Genetic coding can be discussed using information theory. The so-called genetic code is a detailed prescription regarding the synthesis of proteins according to the algorithm given in Fig. 1.
Fig. 1.
The genetic code.
The four nucleic acids (U, C, A, G or T, C, A, G, respectively) can be ordered in triples, termed codons, in RNA or DNA to form a genetic code for transcription and translation into amino acids. While there are 64 possibilities of forming triple sets of the RNA or DNA bases, there are numerous redundancies such that there is correspondence to the 20 naturally occurring standard amino acids, a stop codon (three combinations of amino acids code for a stop), and a start codon (which also codes for the amino acid methionine), giving rise to 22 elementary building blocks (distinct pieces of information) for the construction of proteins.
Specific sequences of nucleotides code for the specific sequences of amino acids that form proteins. Thus, discovering that any one of these is in a specific location along a strand increases the information content by log2 4 = 2 bits. However, as there are 20 amino acids, the identification of one particular amino acid requires log2 20 ≈ 4.22 bits of information. We therefore conclude that coding must be done by at least three nucleotides arranged in order. Later on we discuss if information can be gained in the process of translation, which transfers information from an RNA sequence to an amino acid sequence of a protein.
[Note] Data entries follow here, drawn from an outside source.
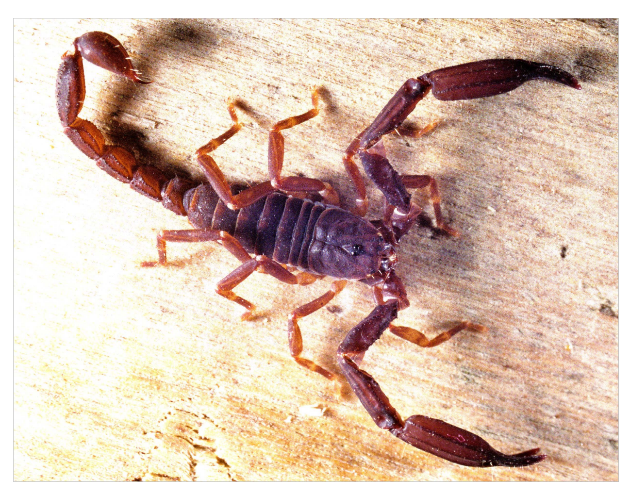
Figure 9: Chaerilus rectimanus Pocock, 1899, male from Malaysia, Bukit Fraser, elev. 1500 m, 1.VIII.1999, leg. J. Hromádka, live

internal tubercle on the patella of pedipalp. Also the shape of the patella and chela of pedipalp are different (see Figs. 5 and 9).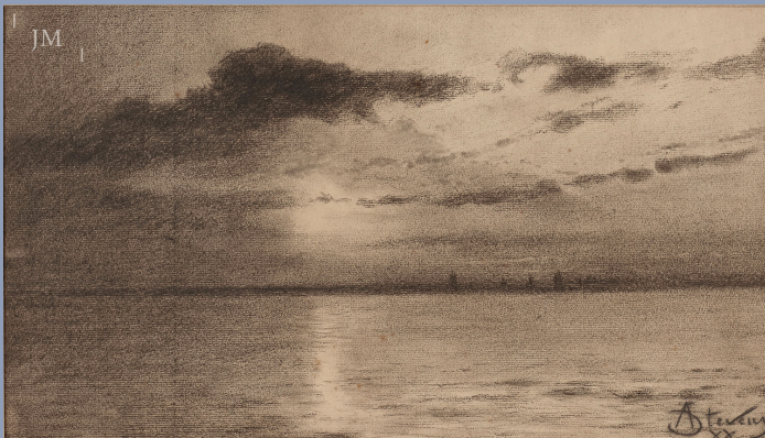
Alfred Stevens (Belgian, 1823 - 1906)

Coucher de Soleil charcoal on paper, signed 10 x 17¾ in. (25.4 x 45 cm.)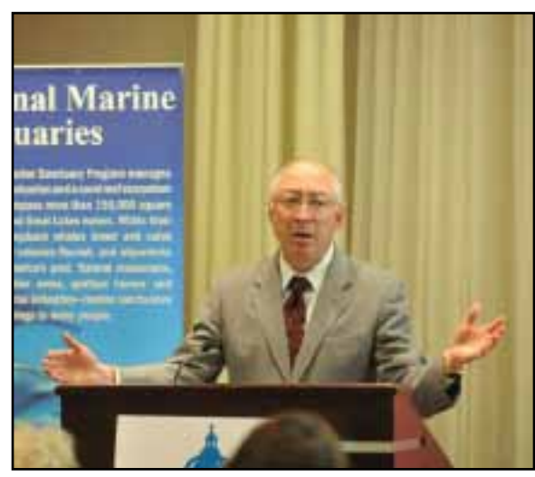
Secretary of the Interior Ken Salazar gives the opening keynote at Capitol Hill Ocean Week 2010.

sea urchins and oyster larvae are placed in differing conditions. The urchins proved fairly robust as water acidified, but when an additional stressor was added, i.e., heat, they were less tolerant than larvae raised in more typi-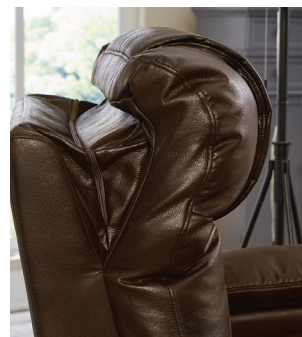
Adjustable Headrest & Lumbar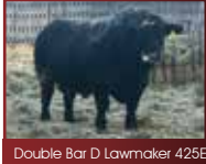
Double Bar D Lawmaker 425E

Homo Polled Test Pending. Judge 48G has been a favorite all summer. So smooth and tidy with an attractive head and front end. Deep quartered and full bodied, this good footed calf will grab your attention. Mothered by a sweet Honky Tonk two-year-old. A calf you might consider for some heifers.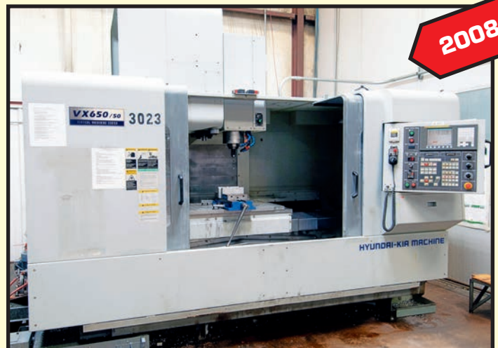
HYUNDAI-KIA MDL. VX650/50 CNC VERT. MACHINING CENTER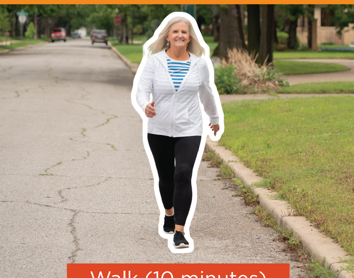
Walk (10 minutes)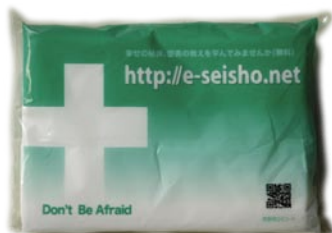
Bible Study Invitation on Pocket Tissues.

The plastic covers of tissues advertise the website, http://e-seisho.net for internet Bible studies. Also, seals can be placed on the cover to advertise evangelistic seminars and Christmas events.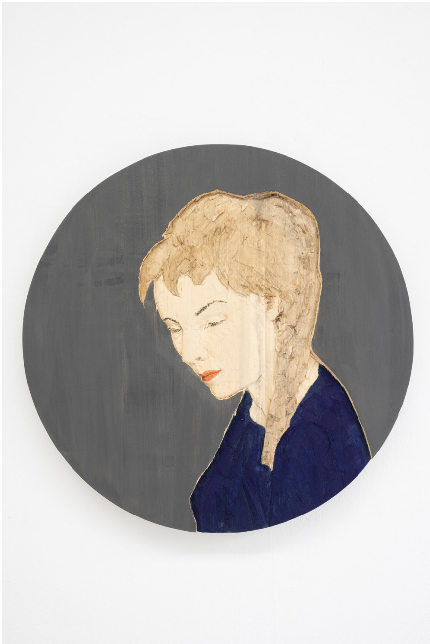
Relief Tondo (Frau), 2024, wawa wood, coloured, diameter 100 x 4,5 cm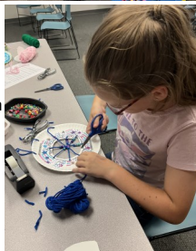
Native American Heritage Day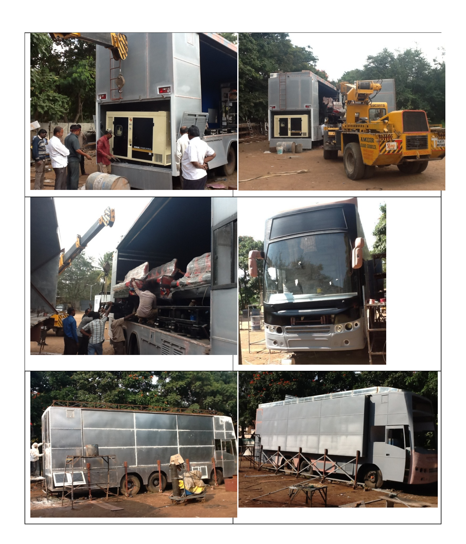
Various Stages of Fabrication of Expandable Auditorium on Wheels built on Truck Chassis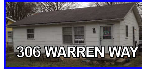
306 WARREN WAY

253, 303 & 306 - SELLING @ 11A.M. from 306 Warren Way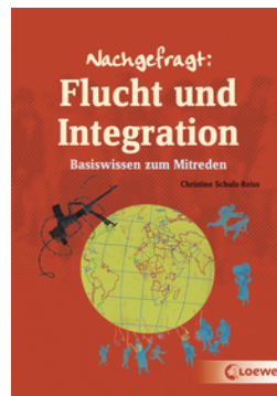
Guide to Refugee Migration and Integration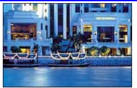
333 Charoennakorn Road, Klongsan,Bangkok

The Peninsula Bangkok is a deluxe hotel situated on the west bank of Chao Phraya River with a spectacular view of Bangkok. The hotel is within easy access to major business districts and shopping areas. Air conditioning, airline desk, bar, business center, ballroom, babysitting service, concierge, conference room, facilities for disabled, florist, gymnasium, laundry service, massage service and ladies hairdresser are among the hotel's amenities and services.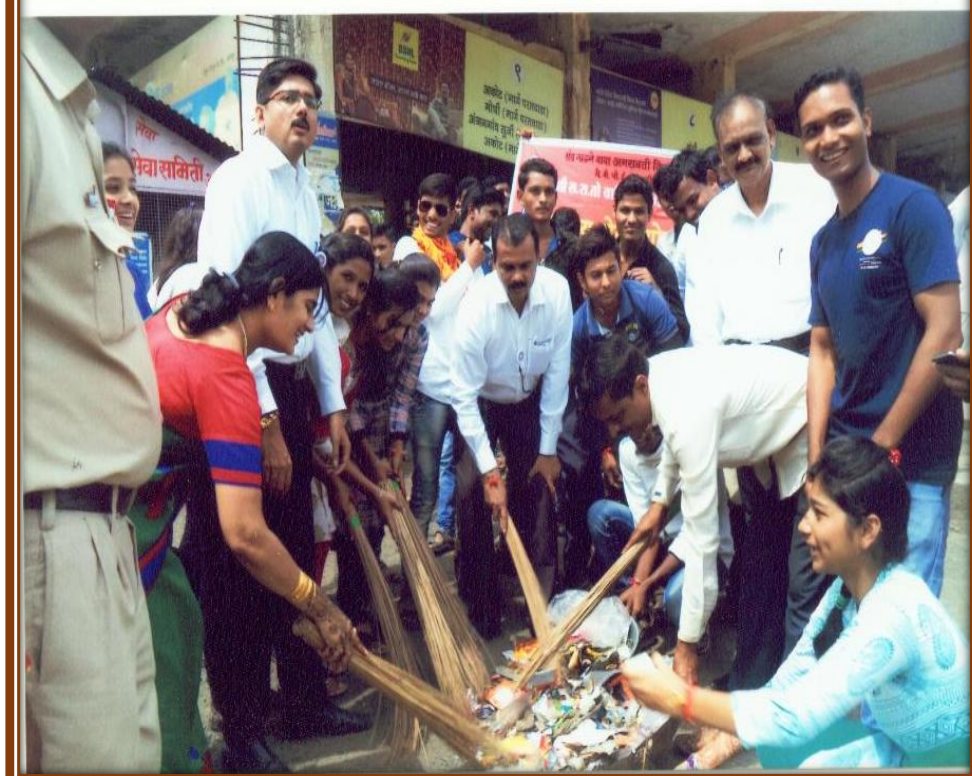
NSS Unit Conducting Cleanliness Drive at AKOLA BUS STATION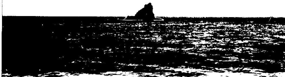
1. Sail Rock as seen from a point \frac{3}{4} mile due east.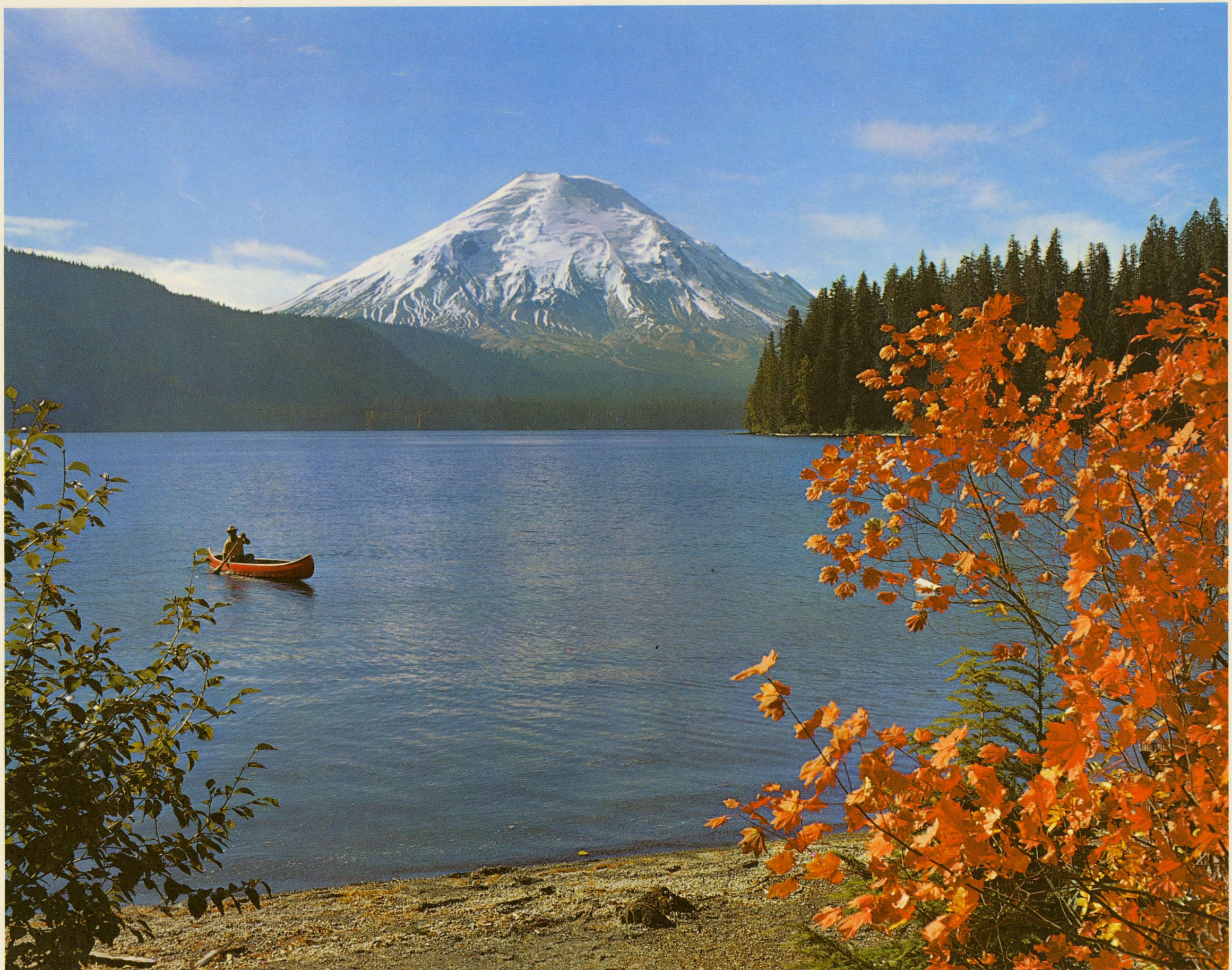
SPIRIT LAKE AT THE FOOT OF MOUNT ST. HELENS IN SOUTHERN WASHINGTON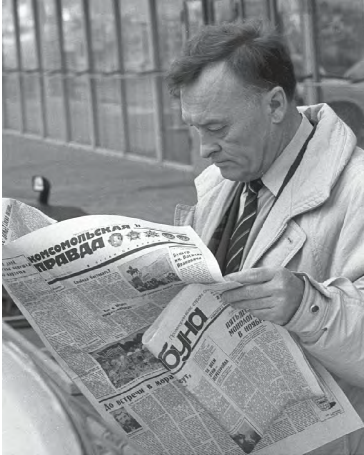
Oleg Kalugin, former head of foreign counter-intelligence for the KGB and Putin's former boss, says Russian intelligence probably had kompromat on Donald Trump from Trump's visit to Russia in 1987.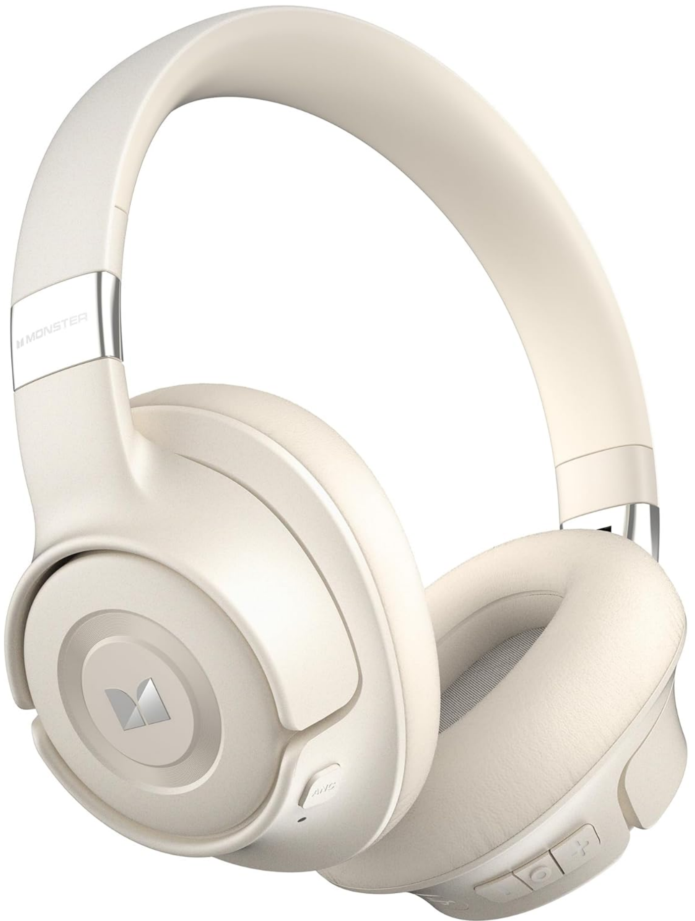
Image: Monster Persona SE ANC Headphones, showcasing their sleek white design.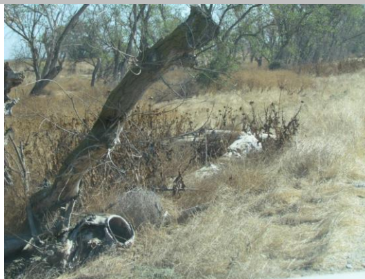
Berenda Slough Unit 4 levee mile 0.47 looking back upstream.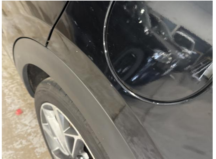
16: Qtr Panel nsr Dented With Paint Damage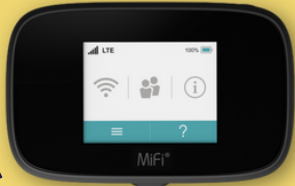
Library of Things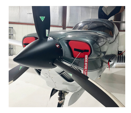
Diamond DA-50 Superstar Engine Inlet Plugs

Engine Inlet Plugs are custom fit for your Diamond DA-50 Superstar intakes, made with heavy-duty vinyl material, and stuffed with a single block of sculpted urethane foam. Each plug has a zipper that allows the foam to be removed and dried if necessary. Engine plugs have warning flags that are visible from the cockpit or 'remove before flight' streamers sewn onto the face of the plugs. Most plugs are imprinted with the aircraft registration number in black for an extra charge. Storage bag NOT included. Engine plugs may be inserted after flight when the engine is still warm. Engine Inlet Plugs are commonly referred to as Cowl Plugs, Intake Plugs, Cowl Blocks, Engine Blocks, and Engine Bungs.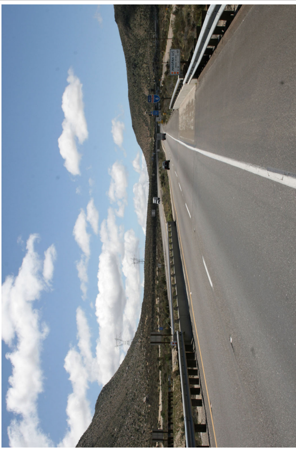
2. I-8 westbound at In-Koh-Pa exit looking southwest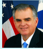
The Honorable Ray LaHood, secretary of transportation, U.S. DOT

Secretary LaHood's comments echoed and reinforced the focus on partnerships that resonated during the previous discussions. He placed particular emphasis on the importance of mentoring – stating that there is a shortage of transportation workforce mentors. He encouraged the Summit participants to become mentors within their industries, organizations and communities. Mentors who work individually with students and new employees not only teach them valuable skills, but also welcome them into the industry, instilling a level of camaraderie and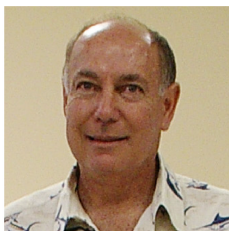
Frank Nash Platinum Diamond Toe Ring 5/08 Wedding Ring 11/08 Engagement Ring 11/08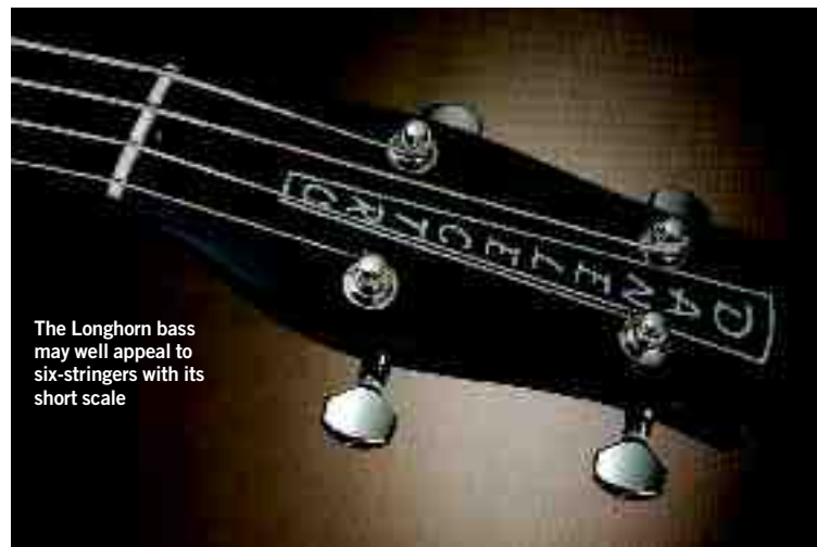
The Longhorn bass may well appeal to six-stringers with its short scale

If you love the Longhorn look but want a high-end feel then Nashville's Jerry Jones can be found at www.jerryjonesguitars.com ; there are a plethora of finish options too. Fender's Mustang bass makes a welcome return for 2006 and is one of the coolest looking, and most popular, short scale basses of all time. Finally, for that Jackson Five/Jack Bruce vibe and a whole lot more, check out the Epiphone EB-0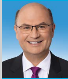
Albert Füracker, MdL State Minister

We wish you a fascinating visit to the castles of King Ludwig II!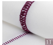
3-Thread Flatlock, Narrow Sew stretchy fabrics together with a decorative effect, either with the flatlock side or the ladder stitch side.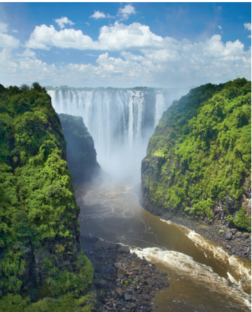
Victoria Falls, the "smoke that thunders"

Day 10: Chobe National Park/South Luangwa National Park, Zambia This morning we board a plane for the flight to South Luangwa National Park. Here in one of Africa’s last stretches of pristine wilderness we have the chance to get closer to the animals than anywhere else. Late afternoon we engage in some of the lodge’s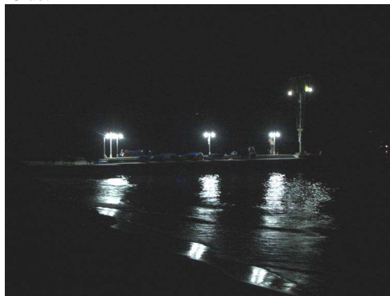
Fig. 8: July 2010. Fethiye, SPA. Yanıklar. “Lykia Botanika Fun Club” pier’s new illumination with bright lights throughout the night.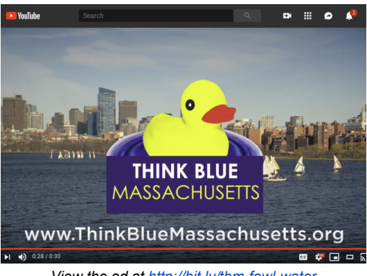
View the ad at <u>http://bit.lv/tbm-fowl-water</u>

On behalf of the members of the Fore River Stormwater Partnership, Think Blue Massachusetts ran an educational advertising campaign from May 31st to June 17th, 2022. The "Fowl Water" (In both English and Spanish) video helps viewers visualize stormwater pollution in their community:

In a biological cell the DNA is too valuable to do the work of synthesizing proteins directly. Transcription of the coded DNA is accomplished by producing from it what are called messenger RNA (mRNA) molecules. The production of proteins is directed by the mRNA, when they travel to the ribosomes, be specifying the sequence in which amino acids will be linked. We have seen that three of the 64 possible combinations do not code for any amino acid and act as terminators. When the ribosome reaches this portion of the mRNA chain, the growth of the protein is halted. If a mutation or error occurs in the DNA, all copies will carry it and incorrect synthesis will take place at the ribosomes, sometimes leading to diseases and pathological abnormalities.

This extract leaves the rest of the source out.